■ **DATA EXCERPT**:

--

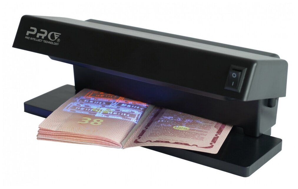 Поддельный документ или банкнота, выполненные на обычной бумаге, ярко люминесцируют в УФ-свете и легко обнаруживают себя при проверке в PRO 12. Банкноты удобно проверять как по одной, так и веером.
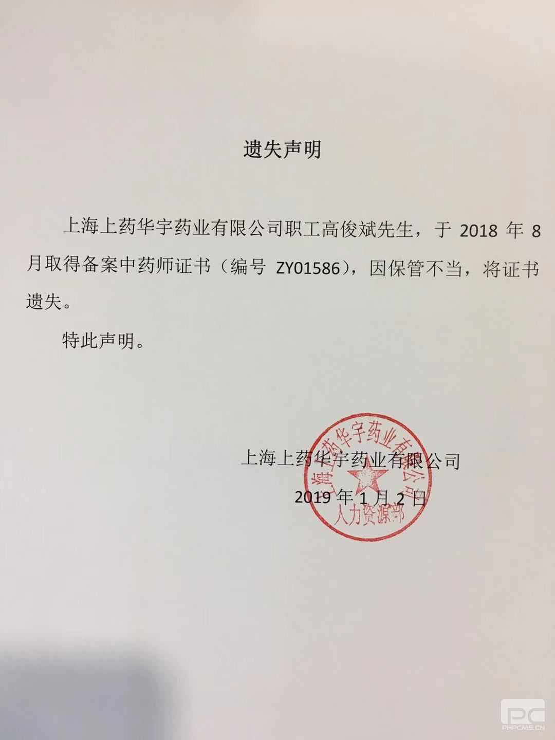 备案中药师证书遗失声明
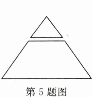 5. 如图,将腰长为$12cm$的等腰三角形纸片,沿与底边平行的方向剪去一个小的等腰三角形纸片,剩下一个等腰梯形纸片。若剪去纸片面积是剩下的纸片面积的$\frac{1}{8}$,则剪去等腰三角形纸片的腰长为
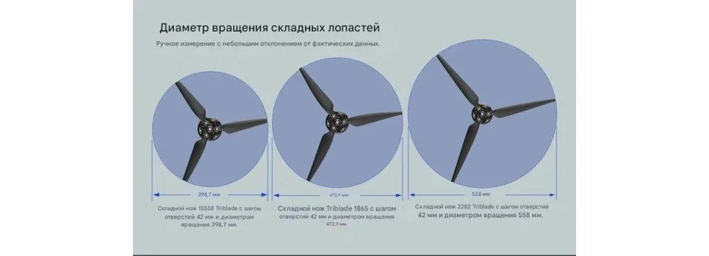 Диаметр раскрытия складных лопастей

--

■ **WHAT YOU NEED TO DO**: When you set down the material above, keep every word exact and include no pictures.

■ **RESPONSE**:
 Поддельный документ или банкнота, выполненные на обычной бумаге, ярко люминесцируют в УФ-свете и легко обнаруживают себя при проверке в PRO 12. Банкноты удобно проверять как по одной, так и веером.
 备案中药师证书遗失声明
 5. 如图,将腰长为$12cm$的等腰三角形纸片,沿与底边平行的方向剪去一个小的等腰三角形纸片,剩下一个等腰梯形纸片。若剪去纸片面积是剩下的纸片面积的$\frac{1}{8}$,则剪去等腰三角形纸片的腰长为
 Диаметр раскрытия складных лопастей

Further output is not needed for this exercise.